Task goal — Retype each line below precisely and omit all images.

Raw data —
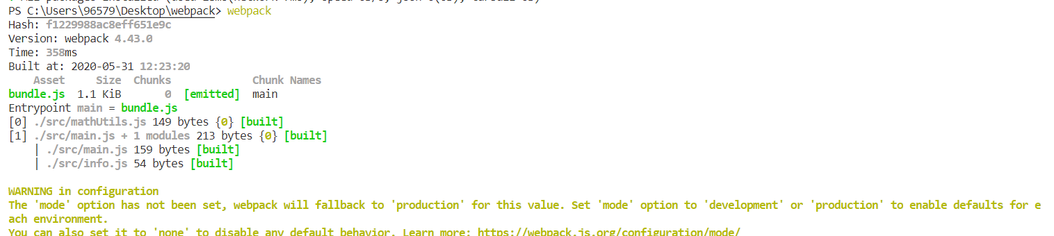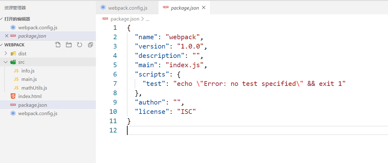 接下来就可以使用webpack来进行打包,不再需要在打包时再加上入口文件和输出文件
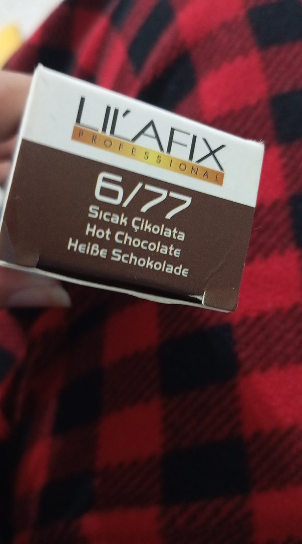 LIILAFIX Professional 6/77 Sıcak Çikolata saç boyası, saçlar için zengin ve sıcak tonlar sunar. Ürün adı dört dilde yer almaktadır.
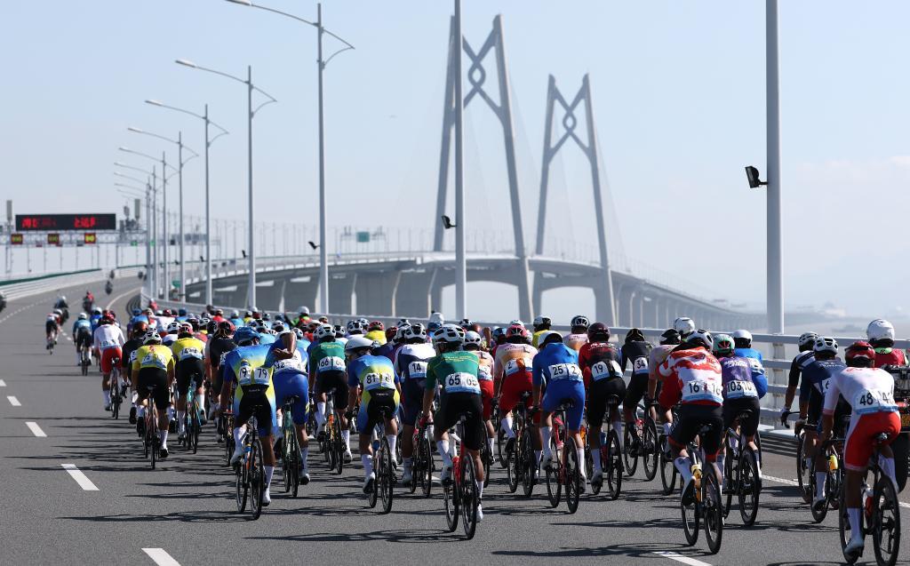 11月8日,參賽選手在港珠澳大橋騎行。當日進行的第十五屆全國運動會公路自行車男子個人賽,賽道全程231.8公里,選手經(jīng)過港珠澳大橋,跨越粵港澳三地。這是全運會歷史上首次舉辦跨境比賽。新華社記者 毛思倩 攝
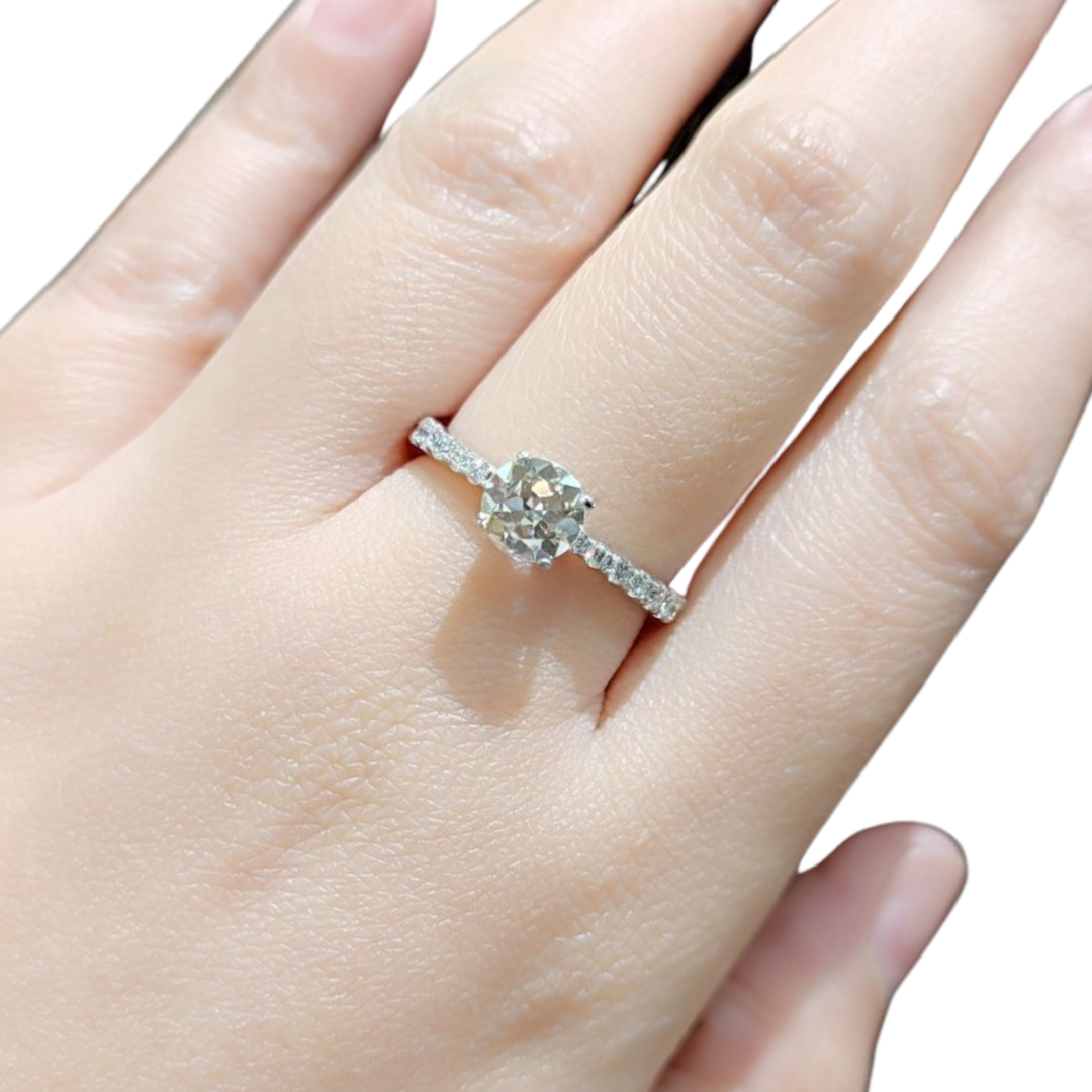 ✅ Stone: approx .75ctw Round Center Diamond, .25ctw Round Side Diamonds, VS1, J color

Solution below —
 接下来就可以使用webpack来进行打包,不再需要在打包时再加上入口文件和输出文件
 LIILAFIX Professional 6/77 Sıcak Çikolata saç boyası, saçlar için zengin ve sıcak tonlar sunar. Ürün adı dört dilde yer almaktadır.
 11月8日,參賽選手在港珠澳大橋騎行。當日進行的第十五屆全國運動會公路自行車男子個人賽,賽道全程231.8公里,選手經(jīng)過港珠澳大橋,跨越粵港澳三地。這是全運會歷史上首次舉辦跨境比賽。新華社記者 毛思倩 攝
 ✅ Stone: approx .75ctw Round Center Diamond, .25ctw Round Side Diamonds, VS1, J color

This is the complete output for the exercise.